Device according to claim 9, wherein at least one of the process sources (220) together with the inner housing (222) can be inserted from above into the respective process chamber (210).

Device according to one of the preceding claims 4 to 10, wherein within at least one of the at least first and second process chambers (210, 310, 410, 510) at least two on opposite sides of the respective process source (220, 320, 420) arranged substrates (40, 41, 42, 43, 44, 46) are simultaneously subjected to substantially identical static surface treatment processes.

Device according to one of the preceding claims 4 to 1 1, wherein at least two within the first and within the second process chamber (210, 310, 410, 510) arranged substrates (40, 41, 42, 43, 44, 46) simultaneously different static surface treatment processes are unterziehbar.

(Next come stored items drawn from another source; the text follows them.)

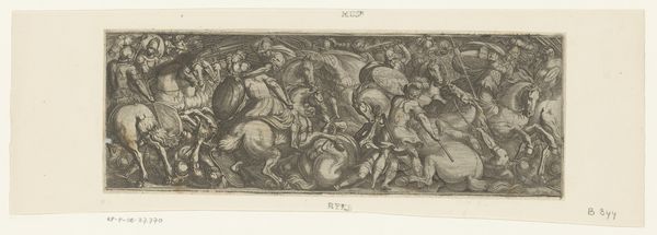 Editor: So, here we have *Fighting Horses*, an engraving from around 1511-1575, created by an anonymous artist. There's such dynamic energy in this composition, so much chaotic movement. What socio-political context might have inspired such a piece? Curator: That's a great question! This period, the Renaissance, saw the rise of humanism and a renewed interest in classical antiquity. The dynamic energy you observe may reflect the era’s societal upheavals, like the many wars of the time. Think about how powerful ruling families used art to project authority. Does this image reinforce or challenge their dominance, and how would such a piece be viewed by the common person? Editor: I see what you mean! If wealthy families influenced art production, wouldn’t they commission imagery that emphasizes their strength, like imposing equestrian portraits of leaders? These horses are certainly powerful, but they seem to reflect discord more than anything. Curator: Exactly. And how was the "public" defined then? Who would have access to such prints, and what messages were they receiving from them? Note also how the form refers to art historical themes of conflict or struggle. Can you relate this print to classical art such as friezes and relief carvings of the battles of gods? Editor: Now I see how that classical connection influences this work, even as the artist subverts any clear message of victory or power. Considering it's a print, more people likely had access, but its interpretation still depended on their own circumstances. Curator: Precisely. Reflecting on the public's experience of this work, what lasting impressions remain regarding how the arts communicate themes of conflict during this important period of history? Editor: It makes me realize that even something as seemingly straightforward as a group of fighting horses carries complex social and political weight, depending on who’s looking at it, and *when*. Thanks! Curator: A fruitful investigation of the cultural complexities underlying works of art. Well done.
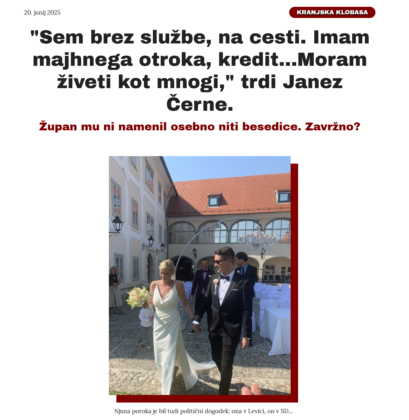 Brez pretiravanja: Janez Černe je kot podžupan "podpiral tri vogale občine" kot rečejo bivši sodelavci o prvem operativcu, ki je postal politična žrtev župana, ki ni mogel prenesti, da mu podžupan ne sledi slepo pri nastavljanju nove direktorice v gledališče....Pa je ključno vlogo odigral mestni svet in Rakovčev izbor zrušil, nato je Rakovec zrušil podžupana... politika pač...Kako se je v času, ko je bil ob službo znašel Černe, ni točno znano - bil pa je kativen kot samostojni podjetnik. ZA POVRH SE JE RAZVESELIL S SOPROGO ANO TUDI SINA NEDAVNO - DRUŽINA IMA ZDAJ ŠTIR ČLANE IN SEVEDA ČESTITAMO MALO POZNO, A IZ SRCA....
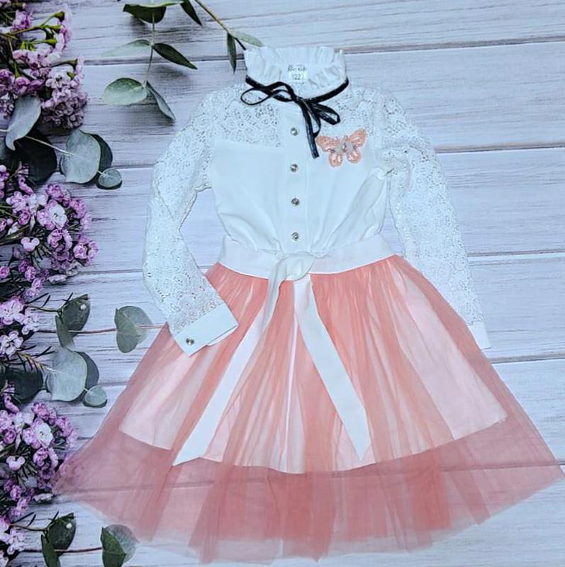 В наявності 😍 Ошатне плаття з фатиновой спідницею на зав'язках На рукавах є манжети Застібаються на гудзики В реалі дуже красиве Тканина костюмка,фатин брошка знімна, відстібається Ціна 445 грн виміри :плаття-довжина/рукав/пог-довжина спідниці 122р-65/46/32-47 128р-67/47/33-48 134р-70/48/34-50 140р-74/49/36-52 146р-75/53/38-54
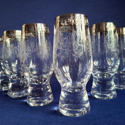 Spiritus sæt til 6 (6) - Glas, Forsølvet
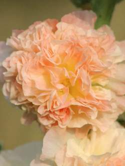 Мальва Ореховый Спас. Цветет с конца июня по сентябрь. Цветки махровые, словно замшевые, необычной персиково-бежевой окраски, 8-12 см в диаметре, собраны в крупное эффектное соцветие. Светолюбива и засухоустойчива, к почвам нетребовательна, но предпочитает участки с хорошо обработанной плодородной почвой.
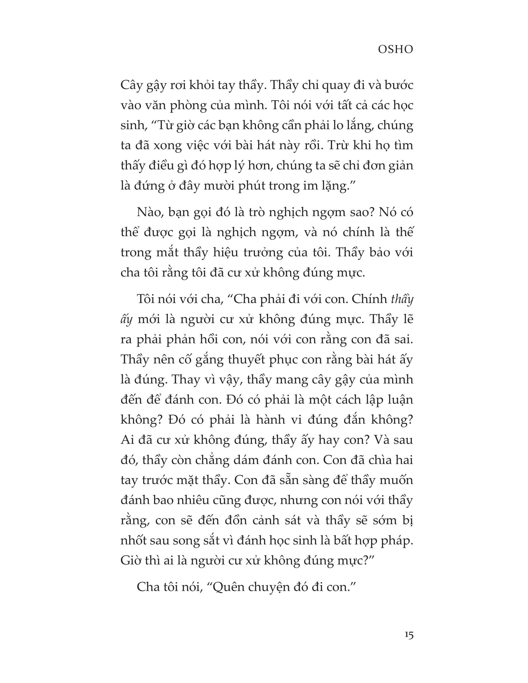 Osho (1931-1990) là một đạo sư người Ấn được hàng triệu người trên thế giới tìm đọc. Hàng trăm cuốn sách cùng vô số bài thuyết giảng của ông về đề tài tâm linh đã để lại những dấu ấn khó phai trong lòng công chúng. Giáo lý của Osho đậm chất phương Đông, nhấn mạnh tới tầm quan trọng của thiền và sự tỉnh thức, từ đó hướng người tu tập buông bỏ cái tôi, nuôi dưỡng tình thương yêu và đánh thức nguồn năng lượng nguyên thủy từ trong căn cốt.
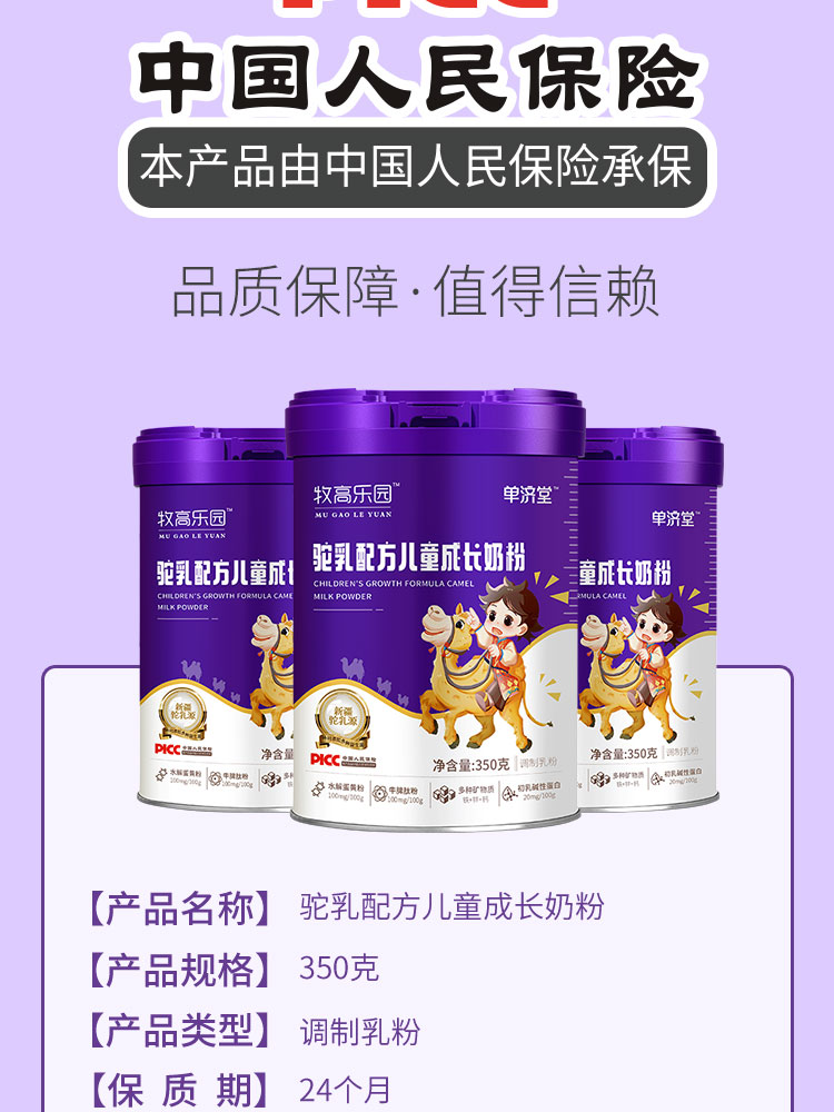 【单济堂牧高乐园】【官方正品】牧高乐园驼奶粉成人儿童高钙奶粉

Device according to one of the preceding claims, wherein for each of the at least two process chambers (210, 310, 410, 510), a separate process module (200, 300, 400, 500) is provided, each having its own electrical power supply unit (215) for the process source (220) and a separate vacuum pump unit (217) for the process chamber (210).

Method for the simultaneous coating of a plurality of substrates (40, 42, 44, 46) by means of a device (10) according to one of the preceding claims, with the steps:

Arranging at least one second substrate (44, 46) in the first process chamber (210),

Performing a first surface treatment process (01) at least on the second substrate (44, 46) in the first process chamber (210), Passing the second substrate (44, 46) from the first process chamber (210) into the second process chamber (310) and disposing a first substrate (40, 42) in the first process chamber (210),

Performing at least the first surface treatment process (01) at least on the first substrate (40, 42) in the first process chamber (210) and simultaneously or temporally at least partially overlapping performing a second surface treatment process (02) on the second substrate (44, 46) in the second process chamber (310).

The method of claim 14, wherein the implementation of the first or the second surface treatment process (01, 02) comprises at least two different, temporally successive part treatment processes.